#### Provided records ####

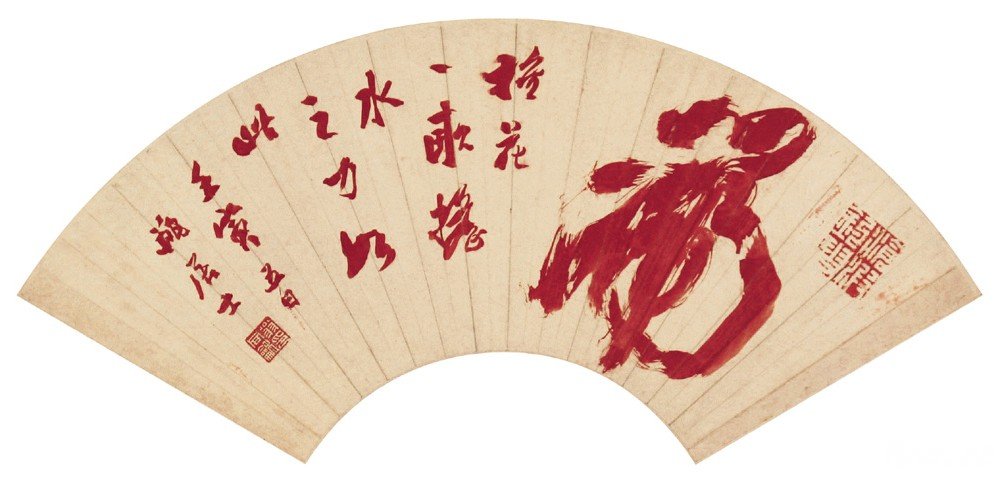 翁同龢书写的“虎”字扇面
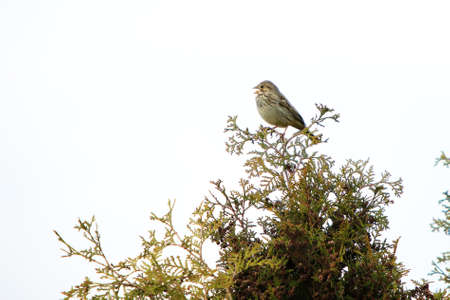 The corn bunting (Emberiza calandra) sitting on the grean branch. Not common, but very rear big songbird. White sky in the background.
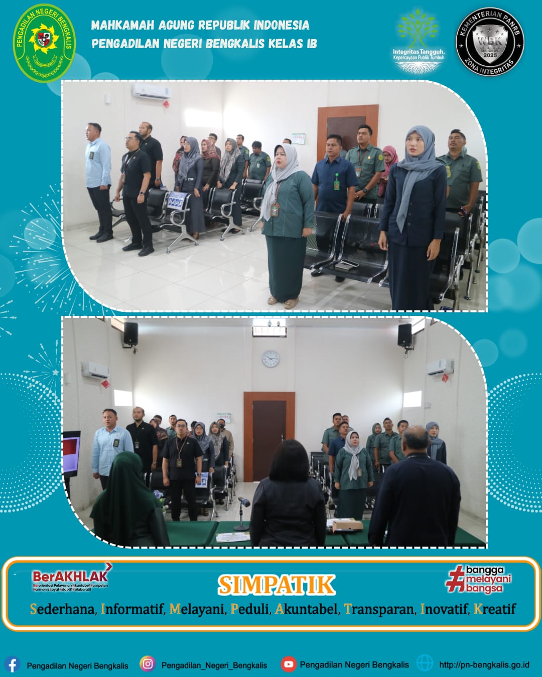Ketua Pengadilan Negeri Bengkalis menyampaikan kepada seluruh pegawai untuk tetap semangat dalam pelaksanaan tugas dan tanggung jawab sesuai tugas pokok dan fungsinya .
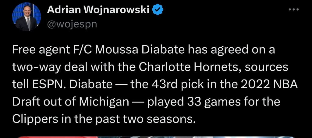 Free agent F/C Moussa Diabate has agreed on a two-way deal with the Charlotte Hornets, sources tell ESPN. Diabate — the 43rd pick in the 2022 NBA Draft out of Michigan — played 33 games for the Clippers in the past two seasons.
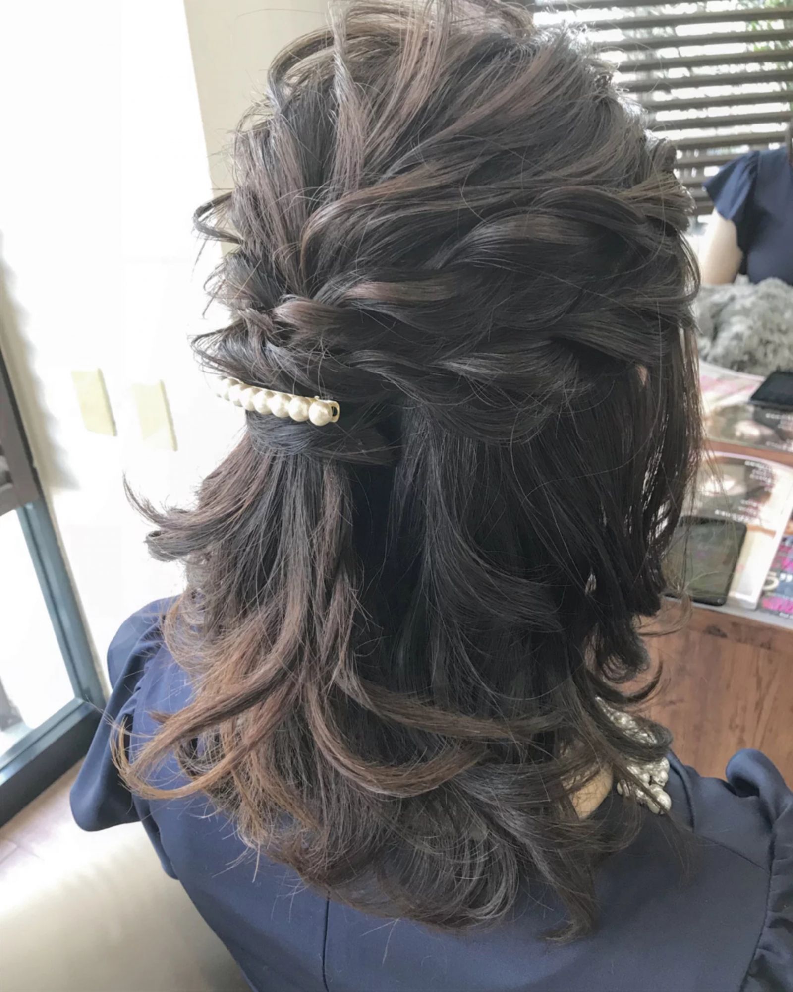 長長的前髪也和兩側的頭髮一起編成辮子!能讓黑髪看起來顯得輕盈。

####

Activity |
This exercise asks for an exact copy of the lines from the first one in the data through the line that contains "Ketua Pengadilan Negeri", pictures excluded.

Answer section |
 翁同龢书写的“虎”字扇面
 The corn bunting (Emberiza calandra) sitting on the grean branch. Not common, but very rear big songbird. White sky in the background.
Ketua Pengadilan Negeri Bengkalis menyampaikan kepada seluruh pegawai untuk tetap semangat dalam pelaksanaan tugas dan tanggung jawab sesuai tugas pokok dan fungsinya .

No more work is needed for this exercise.